We simulated the behavioral estimates of the two model observers in two experiments. The simulations of Experiment 1 used a single orientation stimulus θ, whereas for Experiment 2 we randomly drew orientations from a uniform orientation distribution (from 0 to 180°). We assumed that the across-trial variance
\(\sigma _{\rm{m}}^2\) in the observer's measurements
m arose because of sources both internal and external to the observer (see also above):
\begin{equation}
{\sigma _{\rm{m}}^2 = \sigma _{{\rm{int}}}^2 + \sigma _{{\rm{ext}}}^2 + \sigma _{{\rm{baseline}}}^2}
\end{equation}
where
\(\sigma _{{\rm{baseline}}}^2\) is a baseline parameter to account for downstream sources of noise. We assume that the observer optimally integrates the measurements of
k individual stimulus elements to calculate the most likely mean stimulus value, so that behavioral variability due to external noise alone is given by
\(\sigma _{{\rm{ext}}}^2 = \;\sigma _e^2/k\). In line with the actual experimental parameters (see
Experimental Design), we set σ
e to 120 linearly spaced values from 0.5° to 16° for our simulations of Experiment 1 (
Figures 2a–b and 2e–f), and to 0.5° for Experiment 2 (
Figures 4a–b). Similarly, we assumed that
\(\sigma _{{\rm{int}}}^2 = \;\sigma _i^2/k\), with internal noise σ
i set to 6°, or either low, medium or high (i.e., 4°, 6°, and 8°) for our simulations of Experiment 1 (
Figures 2a–b, and
2e–f, respectively). We used
\(k = \sqrt n = 6\) in our simulations, as human observers typically pool across approximately the square root of the
n stimulus elements for their decisions (
Dakin, 2001;
Moerel, Ling, & Jehee, 2016;
Whitney & Yamanashi Leib, 2018). However, using a different value of
k does not qualitatively change any of our predictions (
Supplementary Figure S3). For the simulations of Experiment 2 (
Figures 4a–b), internal noise was dependent on stimulus orientation, with smaller levels of noise for cardinal than oblique orientations:
\begin{equation}\begin{array}{*{20}{c}} {{\sigma _i}\left( \theta \right) = \alpha \;\left| {{\rm{sin}}\left( {2\theta } \right)} \right| + \;\beta } \end{array}\end{equation}
where θ is the presented orientation in radians (where horizontal is θ = 0 rad), α = 7 is an amplitude parameter, and β = 1 implements the baseline at cardinal orientations.

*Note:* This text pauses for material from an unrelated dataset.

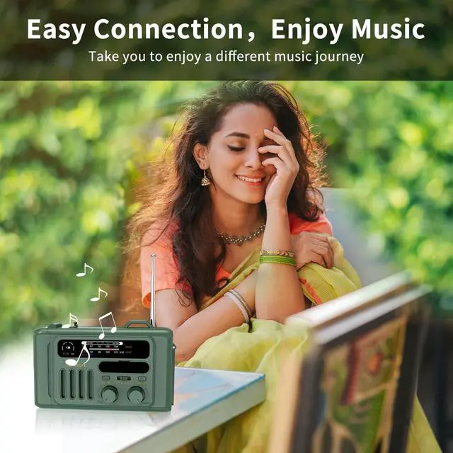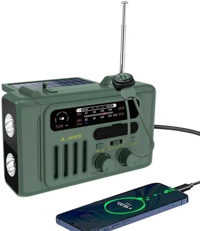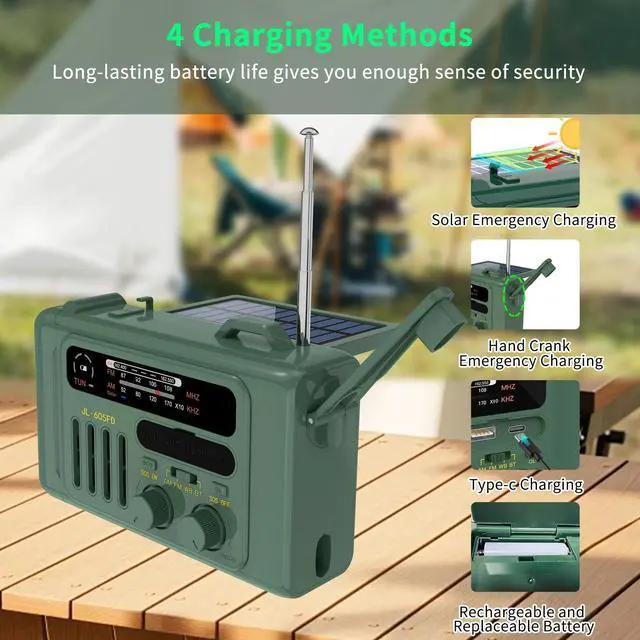 Solar Hand Crank Emergency Radio,NOAA/AM/FM with LED Flashlight & Reading Lamp,USB Type-C/Solar/Hand Crank Charging,Bluetooth Speaker,SOS Alarm&Compass for Camping Indoor Outdoor Emergencies (Green)

This pattern of internal noise models the well-known oblique effect in orientation perception (
Appelle, 1972;
Girshick et al., 2011;
Tomassini et al., 2010). To illustrate the relationship between internal noise and confidence and behavioral variability (
Figs. 2c, d), σ
i was set to 120 linearly spaced values between 0.5° and 16°, and σ
e was 6°. For all simulations, we added a constant baseline of
\(\sigma _{{\rm{baseline}}}^2 = {4^2}\) (
Equation 17 ); note that this parameter does not affect the overall pattern of effects in the simulated data. For both model observers, the reported stimulus orientation (i.e. their behavioral estimate) was obtained using
Equation 11 and taking the (circular) mean of the distribution, as outlined above. Confidence estimates were obtained using
Equations 12 and
16, for the Bayesian and Heuristics model observer, respectively. For each model observer, confidence values were normalized across experiments to lie in between 0 (minimum confidence) and 1 (maximum confidence).